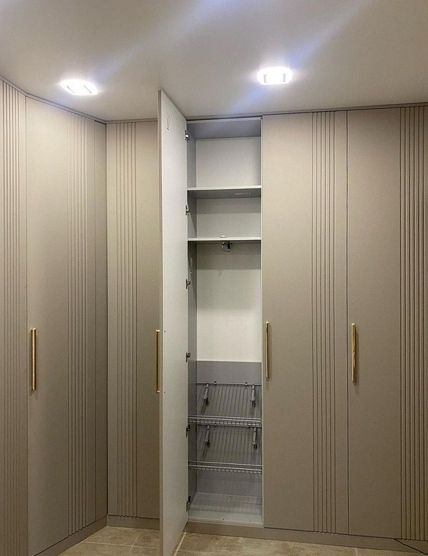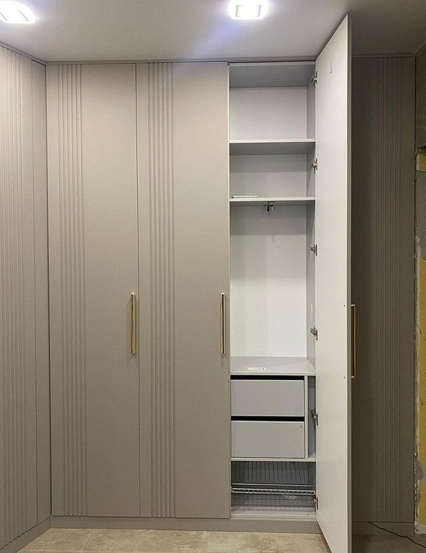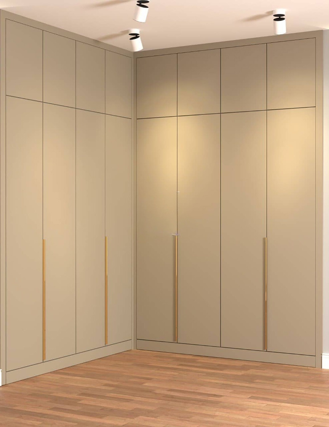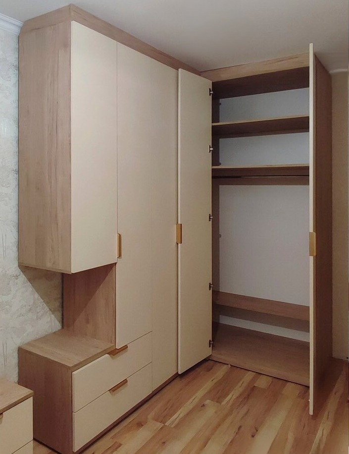 Распашной угловой шкаф на заказ из ЛДСП бежевого цвета «Модель 1152»
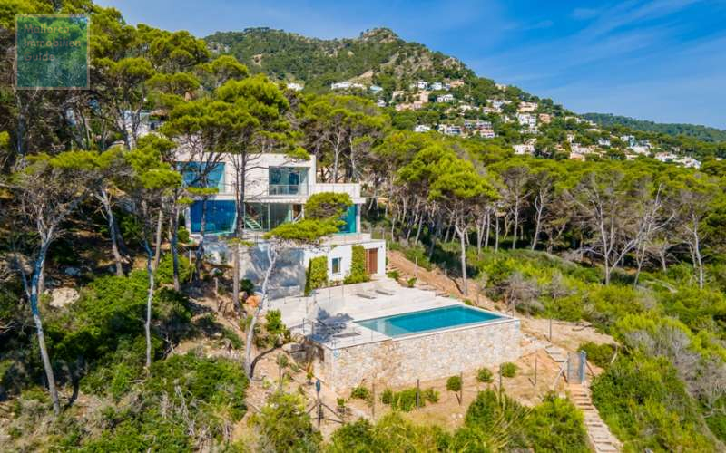 Mas detalles incluyen: suelos de piedra Zarci, suelos radiantes, aire acondicionada integrada, sistema de alarma con video vigilancia, placas solares, descalcificador, riego automático, internet de fibra óptica, cuarto técnico independiente, acceso directo al mar, piscina y sauna.
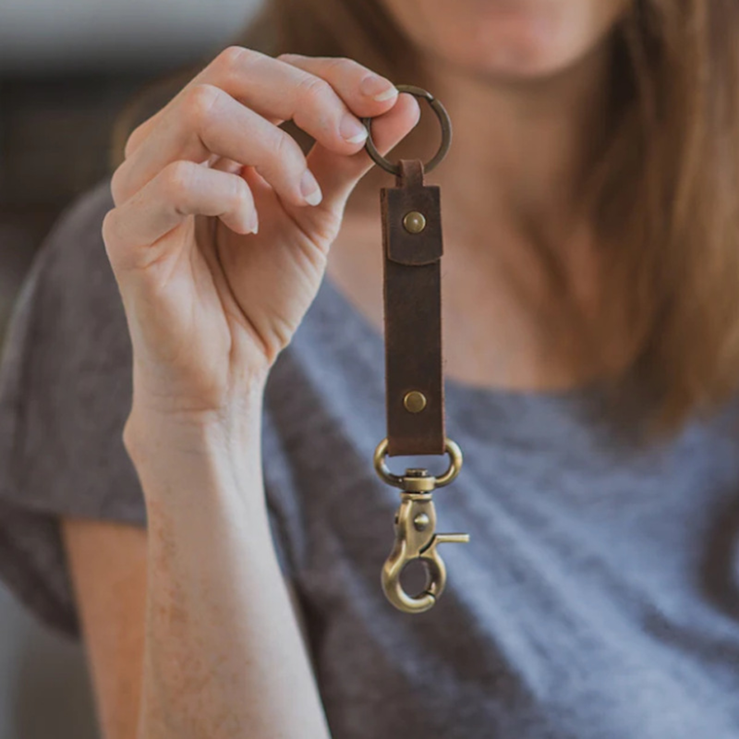 The keychain features a metal ring and a hook, both finished in a copper or brass tone, adding a touch of sophistication. The brown leather complements the metallic accents, creating a harmonious color combination that is both pleasing to the eye and timeless in style. One of the standout features of this keychain is its simple design. This keychain is designed to be minimalistic yet highly functional.
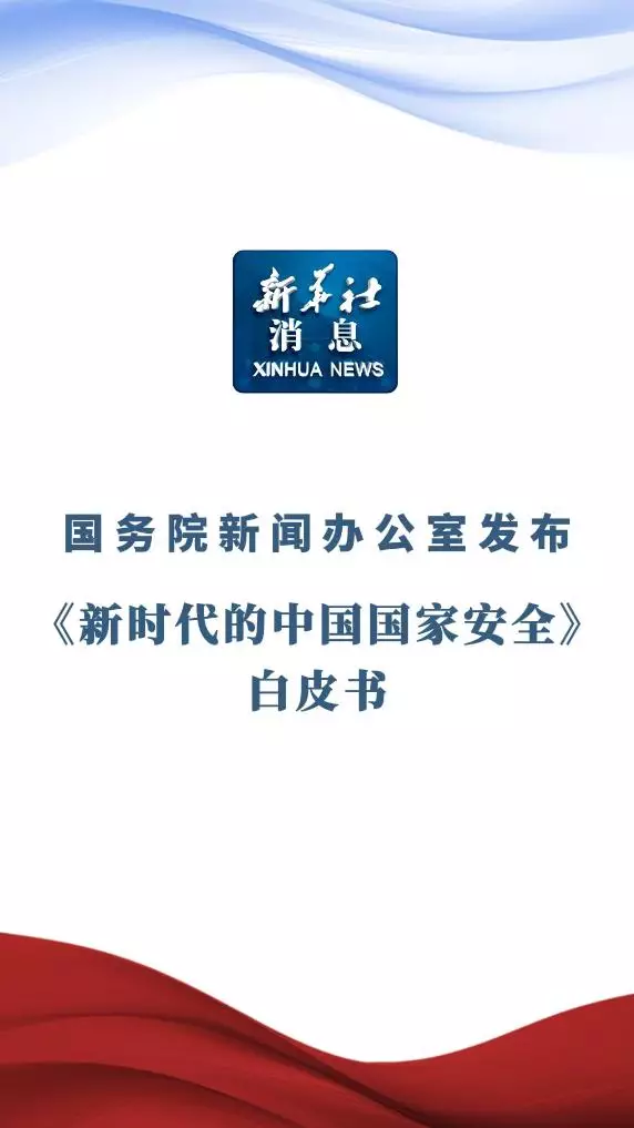 國務院新聞辦公室發布《新時代的中國國家安全》白皮書,指出中國統籌自身安全和共同安全,主張加強全球安全治理,踐行共商共建共享的全球治理觀,堅持真正的多邊主義,推動全球安全治理體系朝著更加公正合理的方向變革。
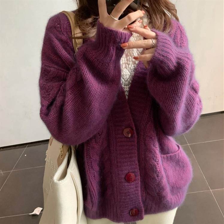 カーディガン レディース トップス 2 パープル 紫 イエロー 黄色 ブルー 青 コーヒー 茶色 無地 大人カラー 秋カラー くすみカラー ニット ネック ポケット 個性的

——

This task calls for an exact copy of the data above, without pictures.

Result below |
 Распашной угловой шкаф на заказ из ЛДСП бежевого цвета «Модель 1152»
 Mas detalles incluyen: suelos de piedra Zarci, suelos radiantes, aire acondicionada integrada, sistema de alarma con video vigilancia, placas solares, descalcificador, riego automático, internet de fibra óptica, cuarto técnico independiente, acceso directo al mar, piscina y sauna.
 The keychain features a metal ring and a hook, both finished in a copper or brass tone, adding a touch of sophistication. The brown leather complements the metallic accents, creating a harmonious color combination that is both pleasing to the eye and timeless in style. One of the standout features of this keychain is its simple design. This keychain is designed to be minimalistic yet highly functional.
 國務院新聞辦公室發布《新時代的中國國家安全》白皮書,指出中國統籌自身安全和共同安全,主張加強全球安全治理,踐行共商共建共享的全球治理觀,堅持真正的多邊主義,推動全球安全治理體系朝著更加公正合理的方向變革。
 カーディガン レディース トップス 2 パープル 紫 イエロー 黄色 ブルー 青 コーヒー 茶色 無地 大人カラー 秋カラー くすみカラー ニット ネック ポケット 個性的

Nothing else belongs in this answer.